Now let's get back to a scenarion where there is no MAD configured in L2 stack: "Let's use the same topology for the L2 split brain situation. So imagine L2 stack 2 lost its IRF links - no MAD configured. I would hope that clients connected to both primary and secondary would still be able to communicate one with another via L3 IRF stack 1 - acting as a gateway"
Hmm, it's not that simple. When L2 stack splits technically BR1 is not a BAGG anymore - each L2 switch is separate device now and since you can't really have a LAGG between one device on one end and many devices on another end, LACP on L3 stack will bring one of the BR1's physical ports down. Thus one of your L2 switches will become isolated. If you don't have LACP on the BR1 it's even more dangerous - there will be a loop over the L3 stack inside VLAN 3 (and native VLAN if you have it allowed on the BR1). Practically you have three scenarios in case of L2 split brain:
1. Configure MAD in L2 and thus when IRF link goes down one of your L2 switches will become isolated in a controlled and predictable way.
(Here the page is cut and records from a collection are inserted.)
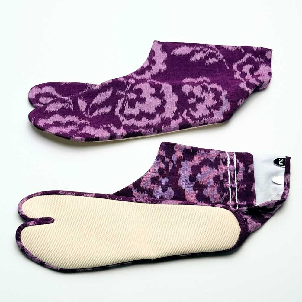 【久留米絣】野村織物さんの柄足袋《コットンフラワー》あずきパープル
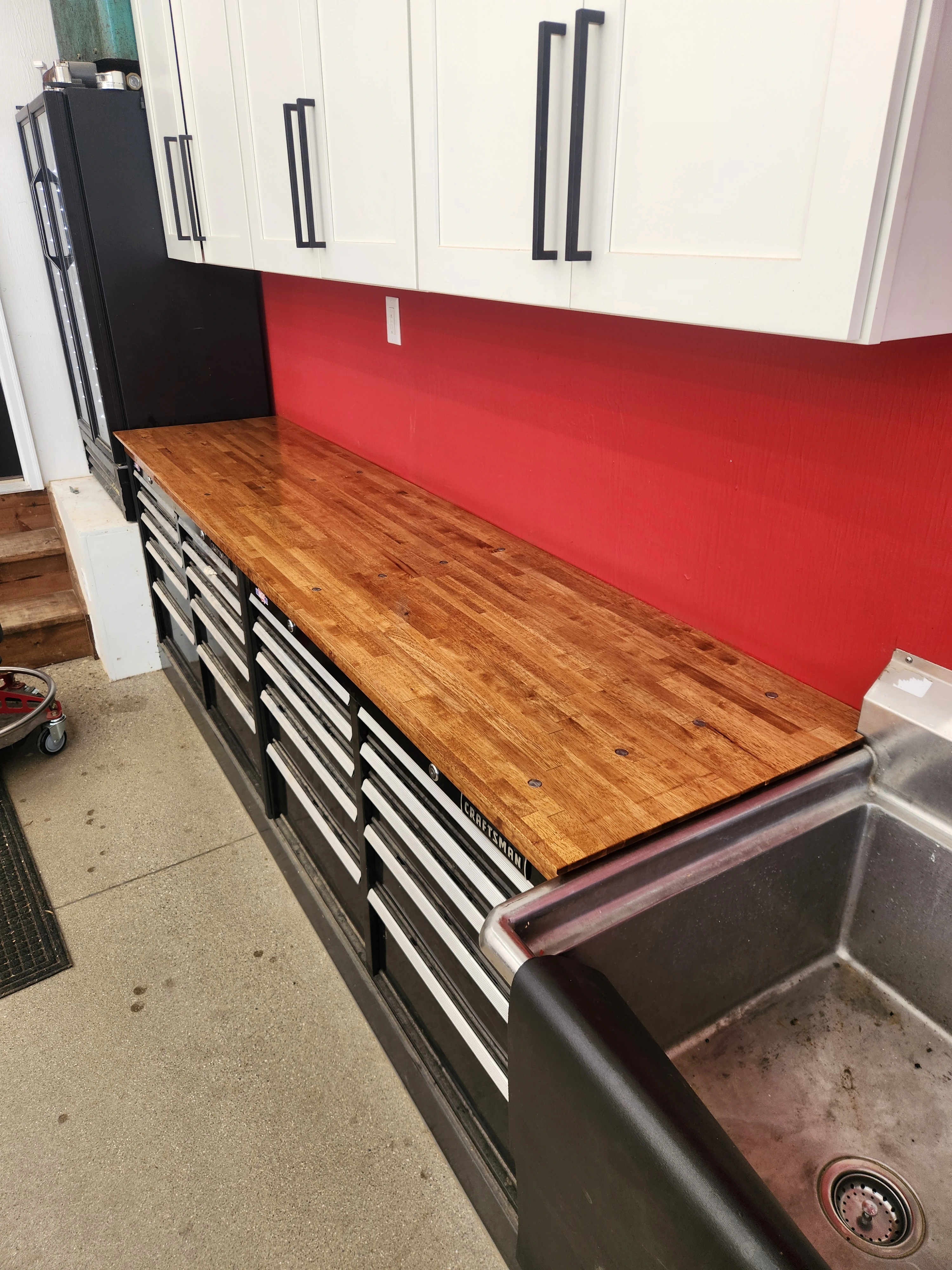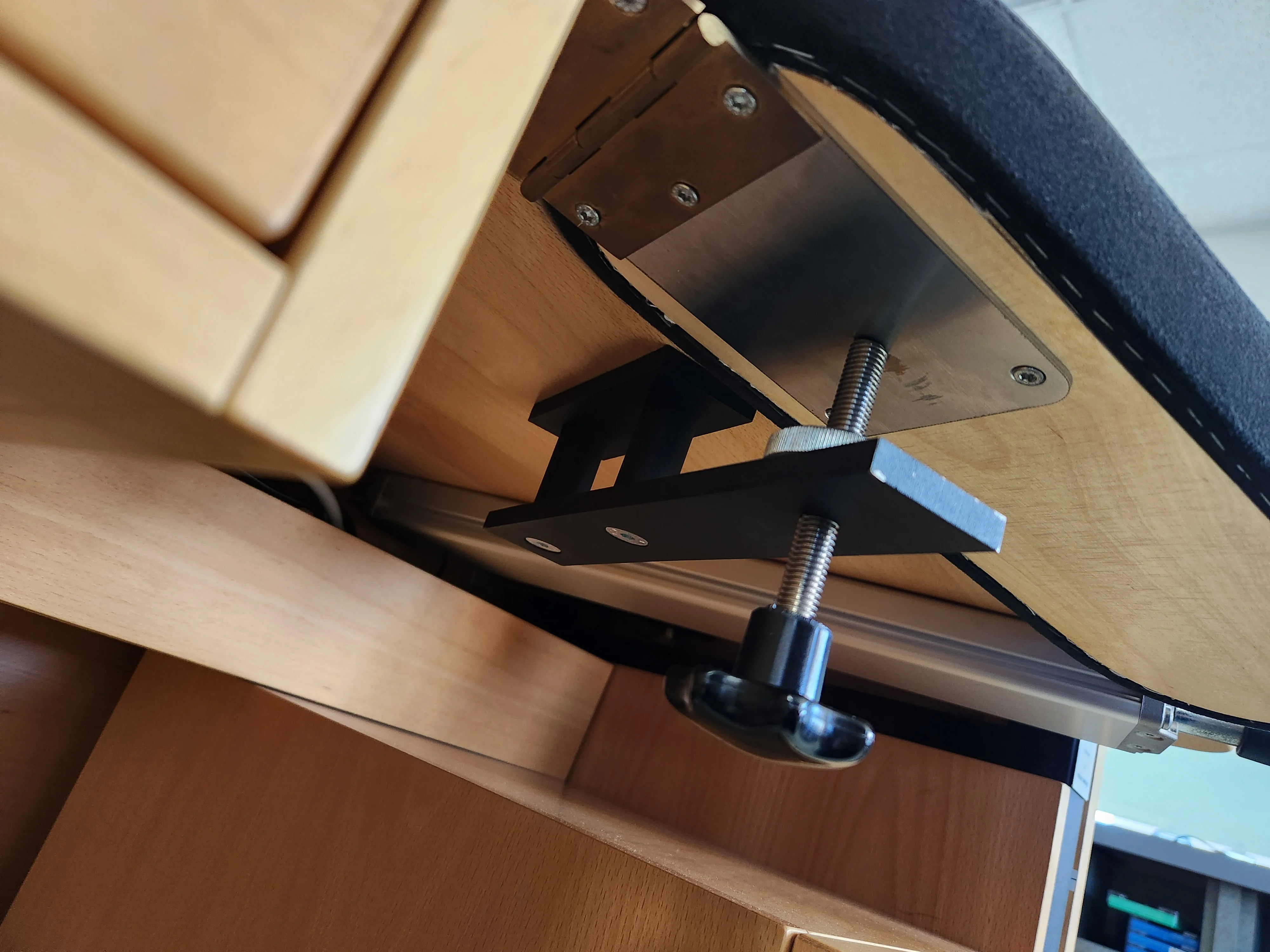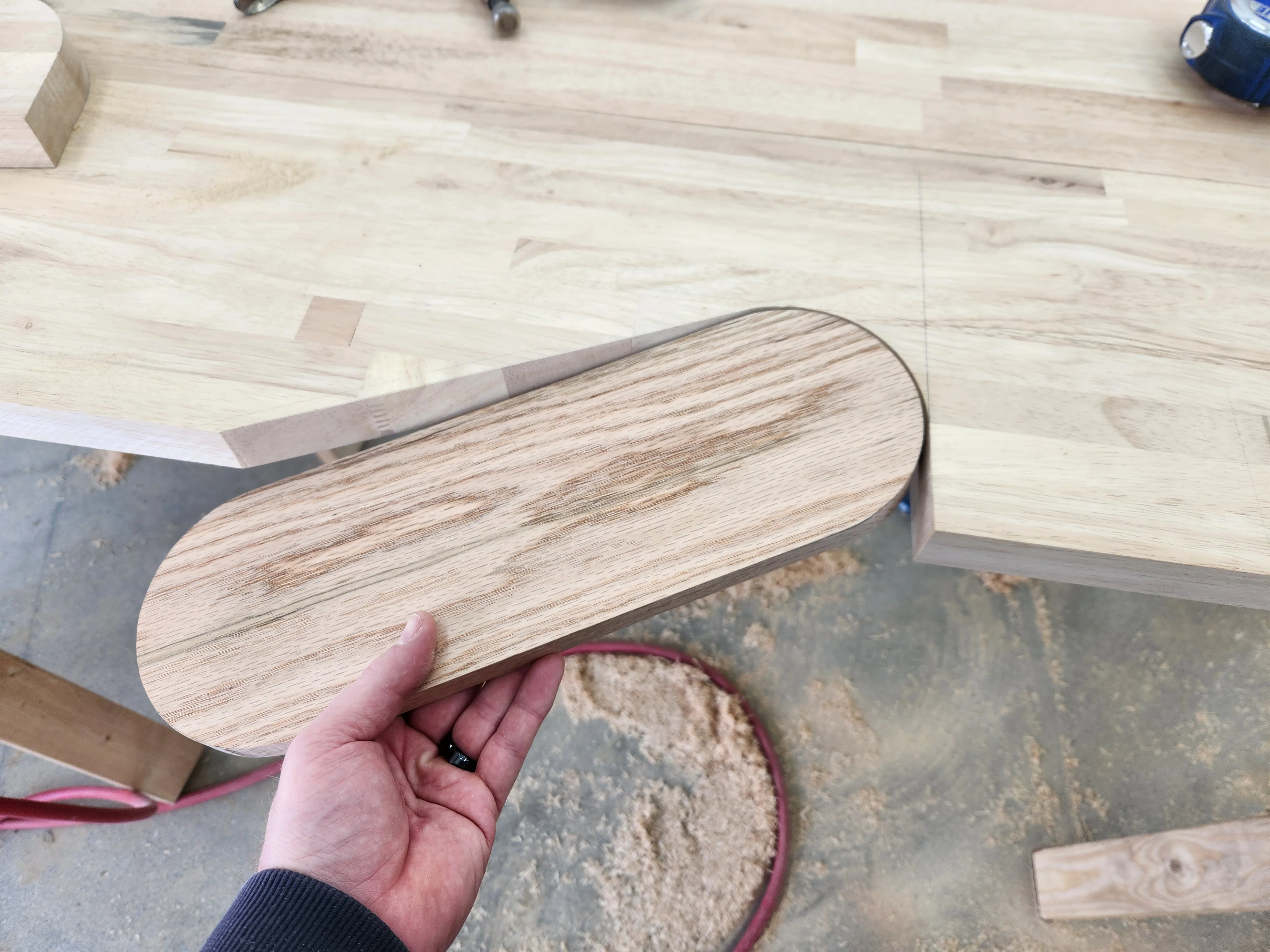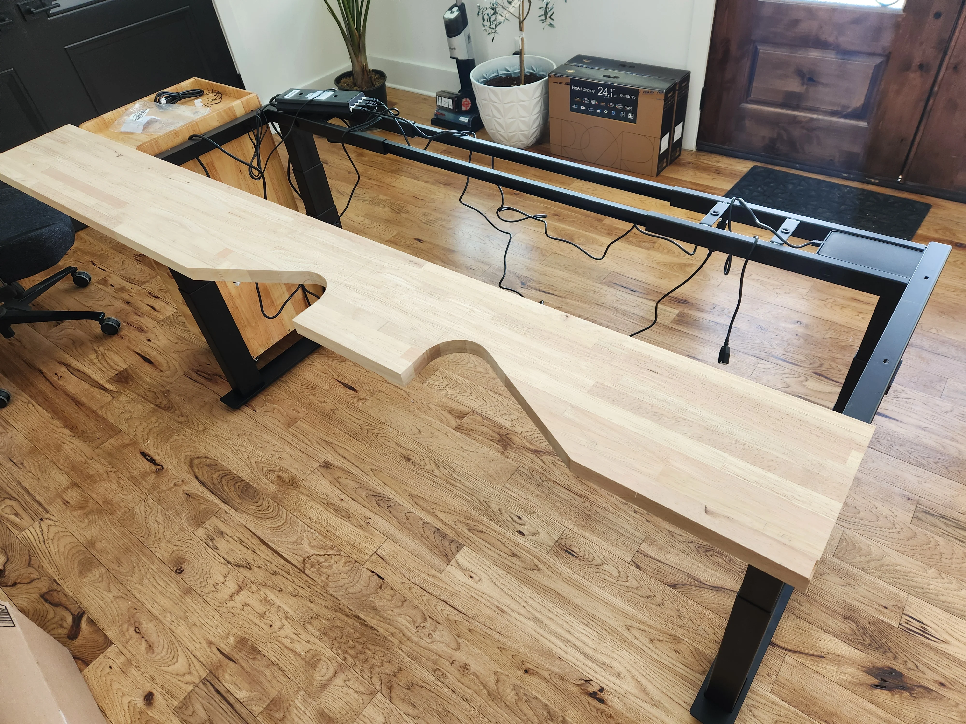 For the bench top, I had a bunch of left over “uninstalled tractor trailer flooring” I had sourced for my garage workbench. This is all hardwood laminate, mostly maple I think, and comes in 12”x 1.5”x 12’ boards. I mimicked the layout from a standard watchmakers bench for the arm rests.
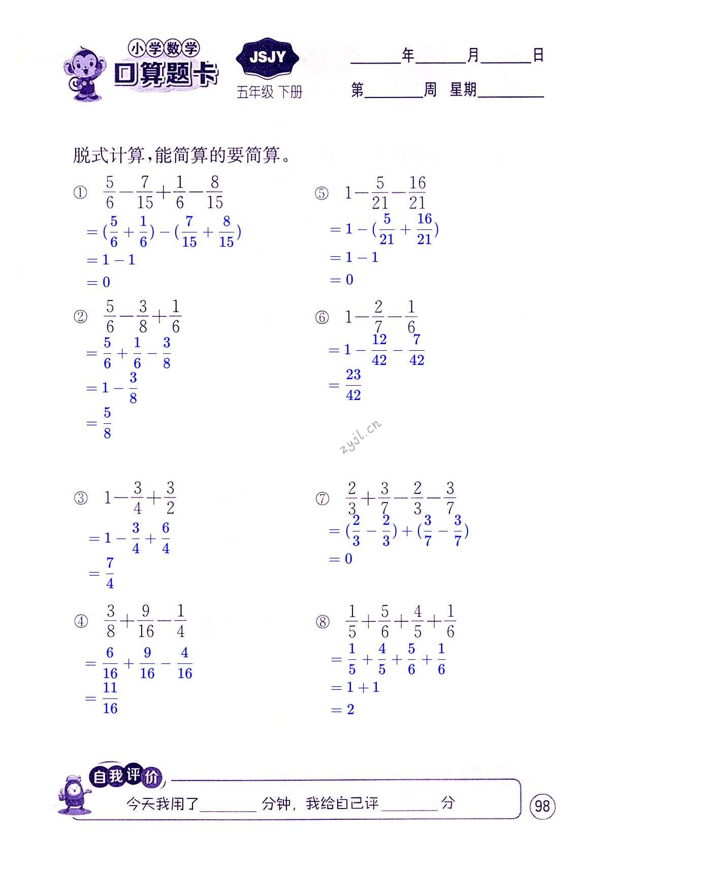 注:目前有些书本章节名称可能整理的还不是很完善,但都是按照顺序排列的,请同学们按照顺序仔细查找。练习册 2022年小学数学口算题卡五年级下册苏教版江苏人民出版社 答案主要是用来给同学们做完题方便对答案用的,请勿直接抄袭。

2. Do not configure MAD. Use LACP on BR1. When IRF link goes down hope that LACP will engage correctly and disable one of L3's BR1 ports. You can control which port will go down by tweaking LACP port priorities. It's a less cotrolled way then the first with MAD and less desirable, as physically ports facing hosts on the L2 switch that will loose its uplink will stay up and they won't be able to realise that their link is not working anymore.
3. Do not configure MAD. Use static aggregation on BR1 (no LACP). When IRF link between L2 switches goes down, keep your phone nearby to call HPE support and raise Severity 1 (network down) or Severity 2 (critically degraded) ticket depending how lucky you are and how far the broadcast storm will propagate. You may say that having loop-detection and/or STP in the network should help to avoid the disaster and it is absolutely correct, but all consequences should be carefully assessed.
Summary: IRF domain ID is required for LACP, ARP and ND MAD. You need to use it and each IRF fabric should have unique domain ID. If you don't want to change IRF domain ID of L2 fabric - use BFD MAD in the fabric as BFD MAD doesn't require unique domain IDs.